-- Records provided follows --
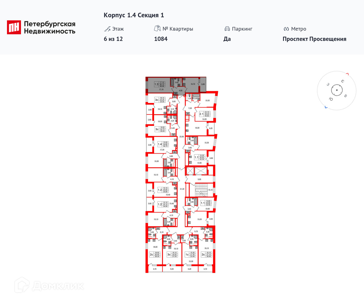 Площади квартир
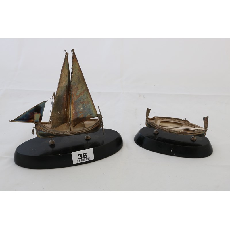 Silver Model of a Chinese Schooner together with another Silver Model of a Rowing Boat
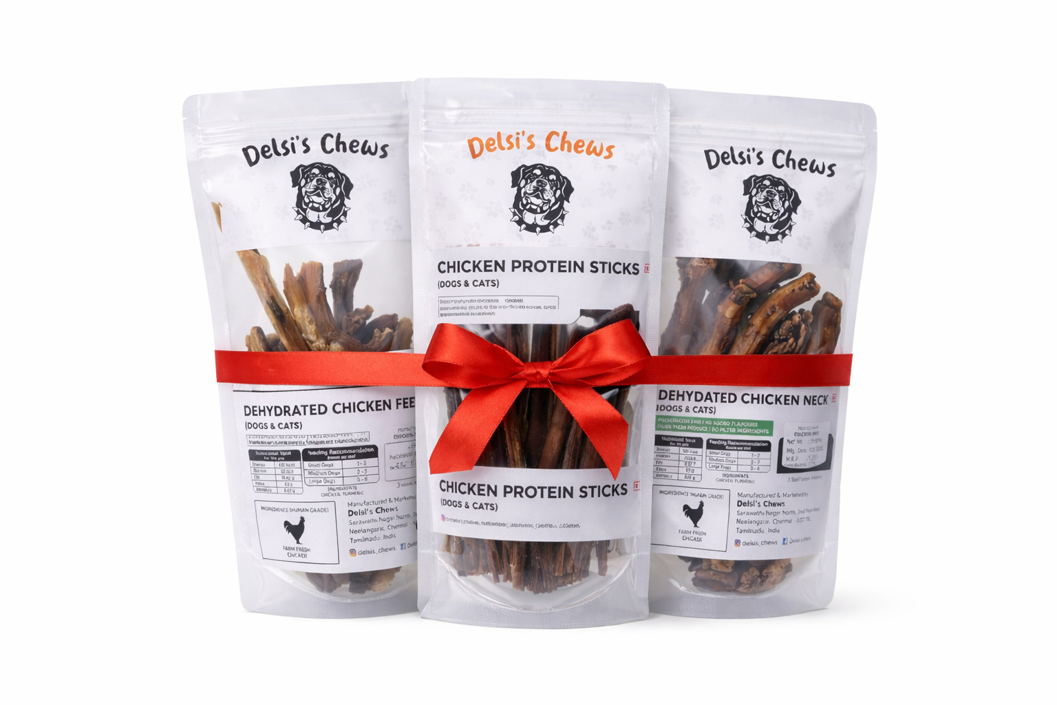 Delsi’s Chews Trial Combo Pack is a carefully curated selection of three premium natural chicken treats designed to give your pets a healthy and delicious variety. This combo includes Chicken Protein Sticks, Dehydrated Chicken Neck, and Dehydrated Chicken Feet, all made from farm-fresh chicken and gently dehydrated to preserve natural nutrients, flavour, and chewiness.
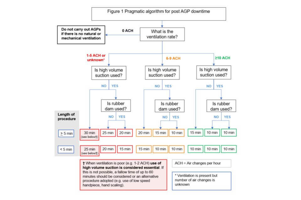 A multidisciplinary working group (the Scottish Dental Clinical Effectiveness Programme, SDCEP) has proposed a pragmatic algorithm with mitigation factors for post AGP downtime that has been accepted by the 4 UK Chief Dental Officers. The SDCEP rapid review of AGPs is available.
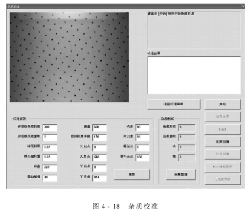 在校准菜单上(图4-18),点击杂质校准,开始测试。按下开始按钮,屏幕右上方的信息显示了开始校准的说明。首先在颜色窗口放入白板(光面向下)。在窗口提示时放入有标准参数的杂质板(板上的标准参数应当与输入的数值相符),点击开始。再次放白板(测试面积),再点开始。校准完成后,测试值在允差范围内时,点击保存按钮。
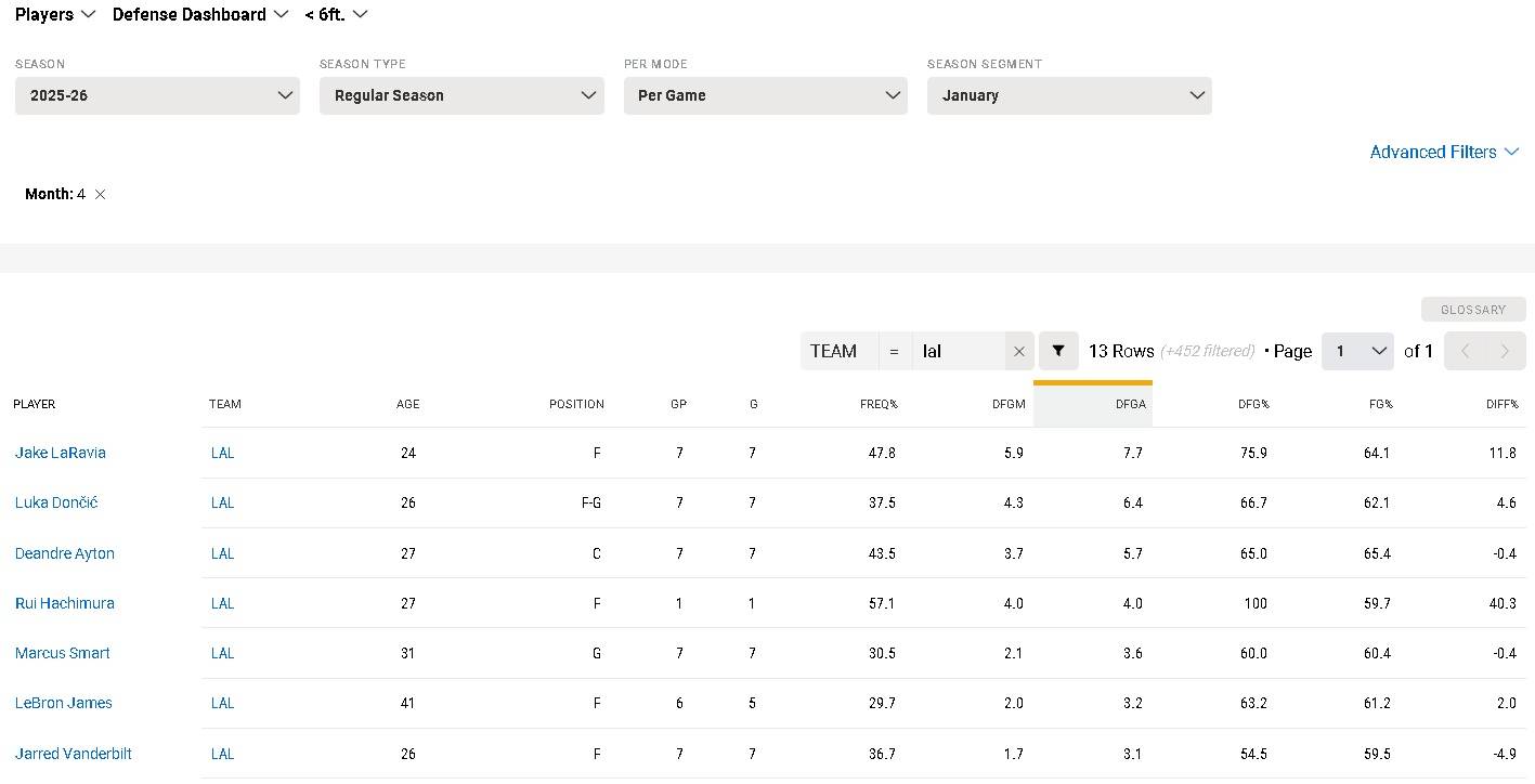 隨著他上場時間越來越多,被挑戰籃下6呎出手也增加。(今年還略降)
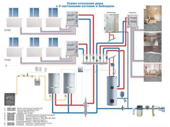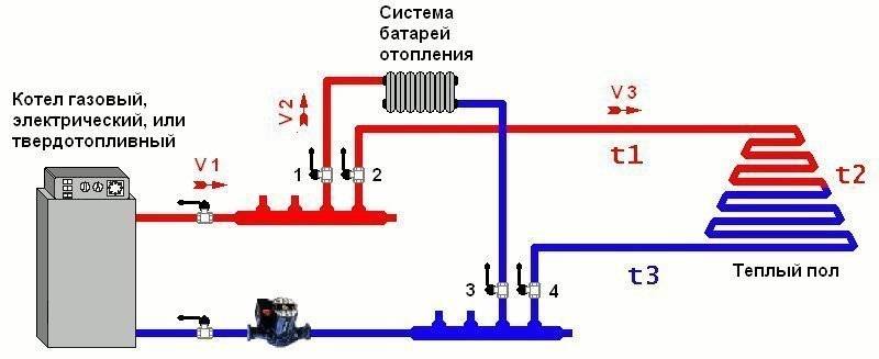 À son tour, le câblage horizontal du système de chauffage peut être combiné avec un collecteur. Cela est vrai pour les longs pipelines. Ainsi, il est possible d'obtenir une distribution uniforme de l'eau chaude dans toutes les pièces de la maison.
-- Records provided concluded --
** Task instructions **
Give back every record exactly. Omit the pictures.

** Task answer **
 Площади квартир
 Silver Model of a Chinese Schooner together with another Silver Model of a Rowing Boat
 Delsi’s Chews Trial Combo Pack is a carefully curated selection of three premium natural chicken treats designed to give your pets a healthy and delicious variety. This combo includes Chicken Protein Sticks, Dehydrated Chicken Neck, and Dehydrated Chicken Feet, all made from farm-fresh chicken and gently dehydrated to preserve natural nutrients, flavour, and chewiness.
 A multidisciplinary working group (the Scottish Dental Clinical Effectiveness Programme, SDCEP) has proposed a pragmatic algorithm with mitigation factors for post AGP downtime that has been accepted by the 4 UK Chief Dental Officers. The SDCEP rapid review of AGPs is available.
 在校准菜单上(图4-18),点击杂质校准,开始测试。按下开始按钮,屏幕右上方的信息显示了开始校准的说明。首先在颜色窗口放入白板(光面向下)。在窗口提示时放入有标准参数的杂质板(板上的标准参数应当与输入的数值相符),点击开始。再次放白板(测试面积),再点开始。校准完成后,测试值在允差范围内时,点击保存按钮。
 隨著他上場時間越來越多,被挑戰籃下6呎出手也增加。(今年還略降)
 À son tour, le câblage horizontal du système de chauffage peut être combiné avec un collecteur. Cela est vrai pour les longs pipelines. Ainsi, il est possible d'obtenir une distribution uniforme de l'eau chaude dans toutes les pièces de la maison.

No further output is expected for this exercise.